Will workers lose their jobs? In the short run, yes, as they have at every turning point in industrial history. Recent employment patterns teach us that the real cause of lost jobs is the price per barrel of oil and the industry’s disloyalty to its own employees when times get tough. We must prepare to retrain the castoffs, and we should start now. Costs will be high, but the price for our continuing addiction to fossil fuel extraction will be higher still.

Henderson closed with this:

To intone a chant heard repeatedly in Paris, Changeons le systeme pas le climat! Let’s change the system, not the climate!

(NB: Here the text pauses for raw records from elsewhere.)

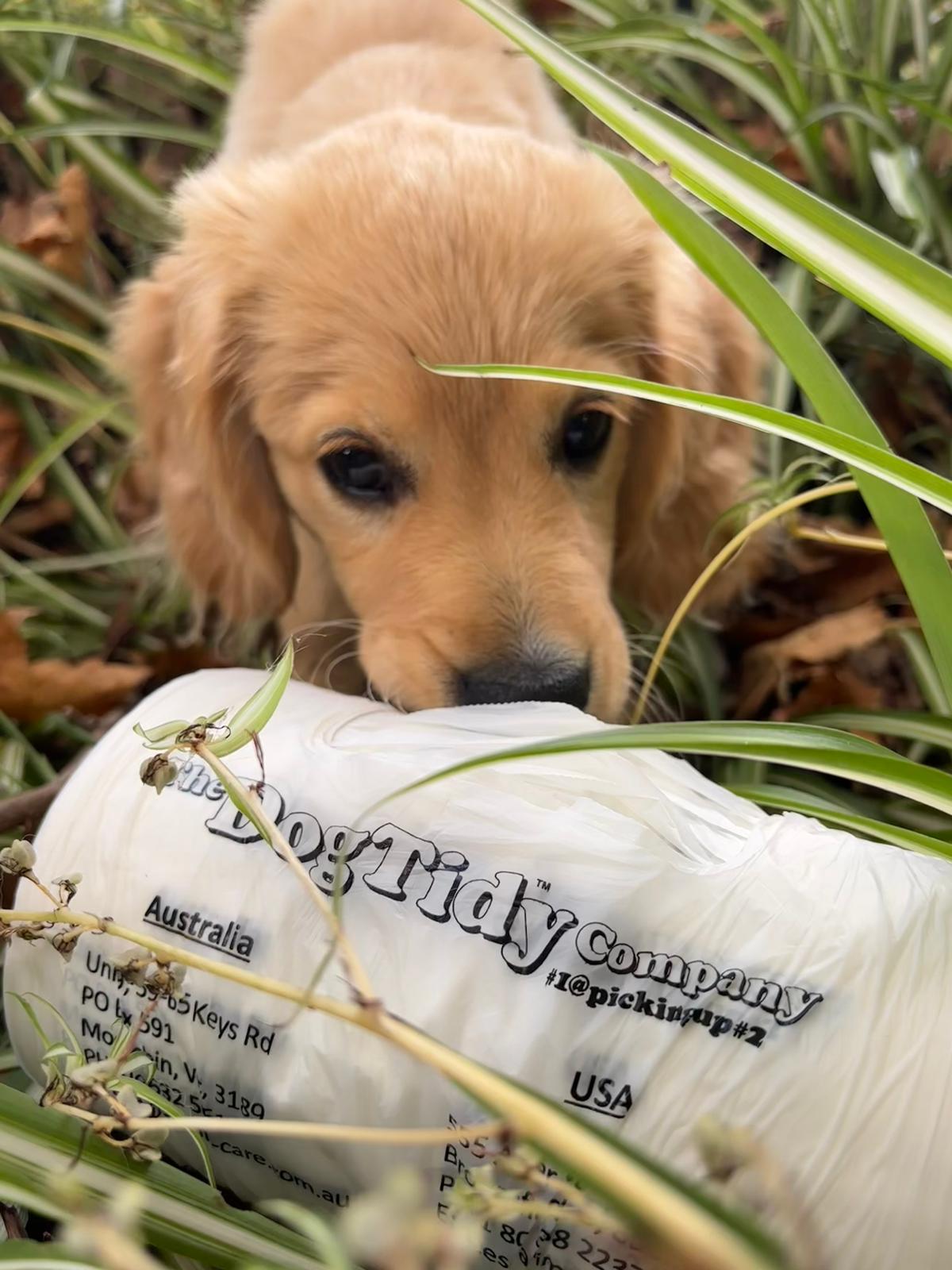 Compostable DogTidy Bags can be placed in your green bin or your home compost and will completely degrade back into organic materials!
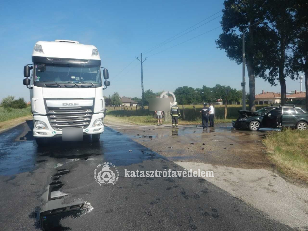 Személygépkocsi és egy kamion ütközött össze hétfőn délelőtt a 4-es főút 67-es kilométerénél, Cegléd közelében.
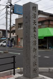 明治天皇は,明治9年の東北巡幸の際と,明治14年に3回,大沢宿本陣の福井権右衛門宅に小休された.記念碑は,大沢橋の北詰に移設されている.

So Henderson wants to ban all new offshore drilling, impose more fees and taxes on oil companies to fund coastal restoration, and then slams the oil industry for laying people off. Come on, if you know people are going to lose their jobs, embrace it. You can’t have it both ways.

The oil industry and its related industries have proven a good living for many blue-collar Louisianians. To demand that they lose their jobs as a result of ideology is cruel. Surely there are other ways to combat climate change than to ruin the livelihoods of thousands of Louisianians.

If Louisiana is going to play a role in fighting climate change, it will have to be done through consensus and cooperation between all aspects of Louisiana society and business. That includes the oil industry. It certainly will not be done by lecturing us on our evil ways in The Lens.